The Quintessential Entrepreneur: (Part 11)


Back to business… After an awesome Holiday Season with family and friends, 2015 looks to be a game-changing year for my business. After years of ideas, pivots, rejections, failures, legal roadblocks, false starts, limited to no traction, etc. It would seem I’ve finally gotten the proper mix of elements in my venture. It is not uncommon for random investors to reach out to me via AngelList or LinkedIn to learn more about my venture. I’m invited to mansions to network with investors, I have a handful of legitimate mentors that I can email and bounce ideas off of, my AIVP (Alternative Investment Vehicle & Platform) is making its rounds through the executive ranks of potential clients with assets in the billions, I have 3rd party contacts who are interested in licensing the tech I’ve developed for their own start-ups.

All that to say, it seems I’m on the cusp. BUT… I’m conflicted…

Here’s my issue. When I began this journey, I was inspired and motivated by a very specific issue. I believed and continue to believe that people like myself and those I interact with on a regular basis are unable to access low-cost investment opportunities that will help us create wealth.

I have taken specific issue with certain investment opportunities that are restricted to accredited investors. I’ve always said, “I see no regulatory bodies restricting me or my fellow community members from blowing our money at a casino yet we must be aggresively protected from high risk investment opportunities like angel investing”. Long story short, the business and platform I have created provides a solution to this issue. However, as I’ve conversed with several investors and advisors about what I’ve built, there are always some minor tweaks suggested that maximize the total addressable market, enhance the revenue model and expand the go-to-market strategy. By the end of white-boarding out these minor tweaks I seem to be the only one in the room that recognizes, the new and improved game plan no longer impacts those who originally inspired its creation.

Maximizing my total addressable market often involves targeting demographics with greater purchasing power. Enhancing my revenue model involves slightly increasing the cost to the consumer. Expanding the go-to-market strategy involves approaching large institutional potential clients who have their own set of tweaks and preferences. What is it to gain a product/service that is wildly successful when your neighbors, friends and family can’t afford to use it or no longer benefit from it? This is mission drift.

In my case, mission drift can only be avoided one way.

1. I ignore some completely valid, logical and wise advise that I’ve received and instead move forward with a “lesser” product/service because the “lesser” version is valuable to low income communities.

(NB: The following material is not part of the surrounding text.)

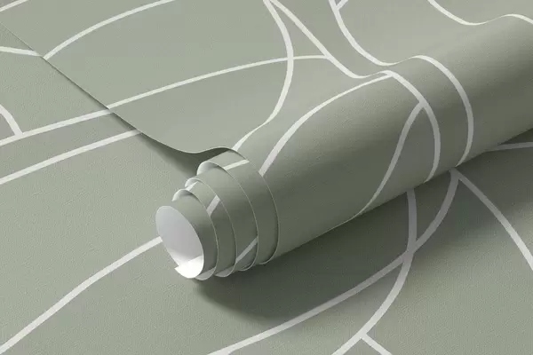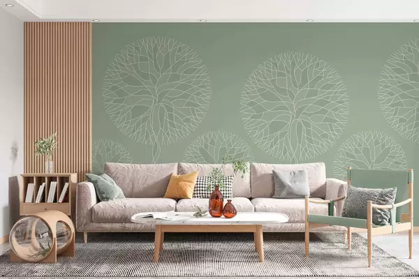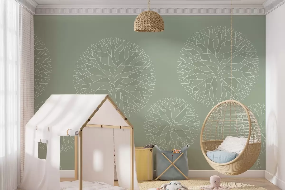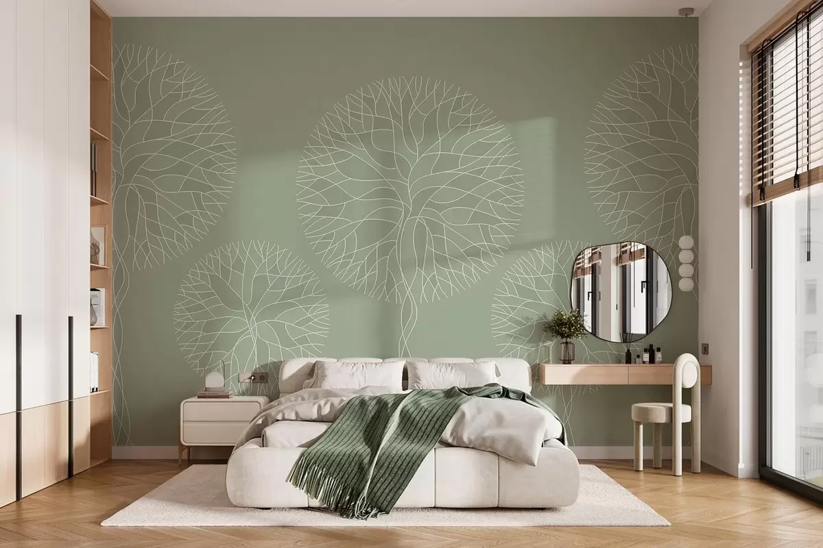 Papel tapiz Árboles lineales fantásticos con copas frondosas en tonos verde claro. Nr. w05213v6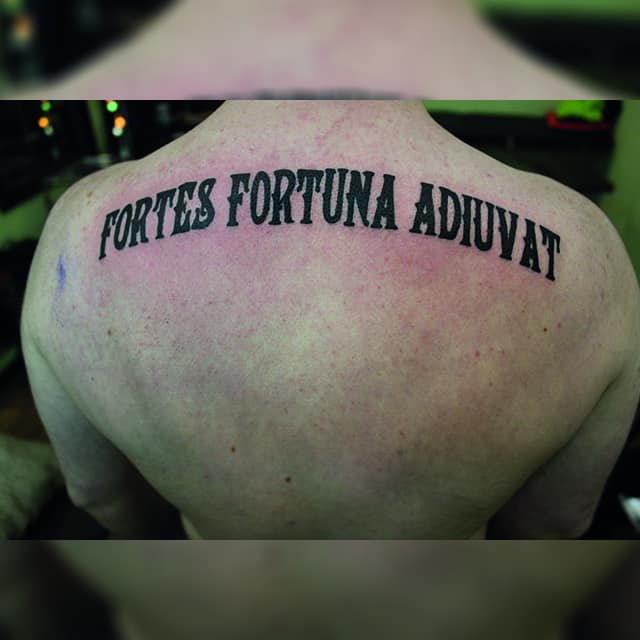 Например, в последнее время популярной для татуировки стала фраза, выбитая на спине Джона Уика: FORTIS FORTUNA ADIUVAT. Она не только красиво смотрится, но и имеет глубокий смысл. Перевести ее можно «судьба помогает смелым». Это очень мотивирующая поговорка. Есть еще несколько популярных надписей:

2. I purposefully shun potential partnerships with well-established players because I know that our collaborative strategy would eventually lead me away from my personal target demographic; the poor.

3. I reject investment offers that could potentially take my venture from its’ current home office into a downtown corporate suite because I know my investors may replace me with a MBA who could care less about the people who inspired me to start this venture in the first place.

Honestly, how many of you would scale down a billion dollar business model to just a million dollar business model (or less) for the sake of your personal convictions? It’s a tough situation. I know what I want to do and I also know what I should do. Let’s be real, by choosing the smaller market, and lesser revenue streams and the more niche strategy, my venture may fail all together. The odds against succeeding in entrepreneurship are already slim. At the end of the day, I need to know I’m a man of my word who doesn’t “sellout” the people he hopes to serve for “a dollar and a dream”.

Current readers are seeing why I write these posts in the first place. I can’t relate to many of the other entrepreneur written articles I find. Recently, I’ve found that its trendy for entrepreneurs to write about all the buyout offers they rejected because they believed their company was worth 50x more. I can’t relate to that. I’m over here planning to tell investors to keep their big checks because my venture won’t be worth 50x more. Not because it can’t grow to 50x more but because I’m going to artifically keep it at 3x-5x its current size for the sake of “the little guy and gal”. I’m crazy… Oh well…

Lesson in Retrospect: If your initial determinations to become an entrepreneur are to serve a particular demographic or underserved group, be prepared. After months or years of bootstrapping, you begin to yearn for that big check and a exit. I’m not saying that taking the money and retiring for life is evil but it may haunt you a bit.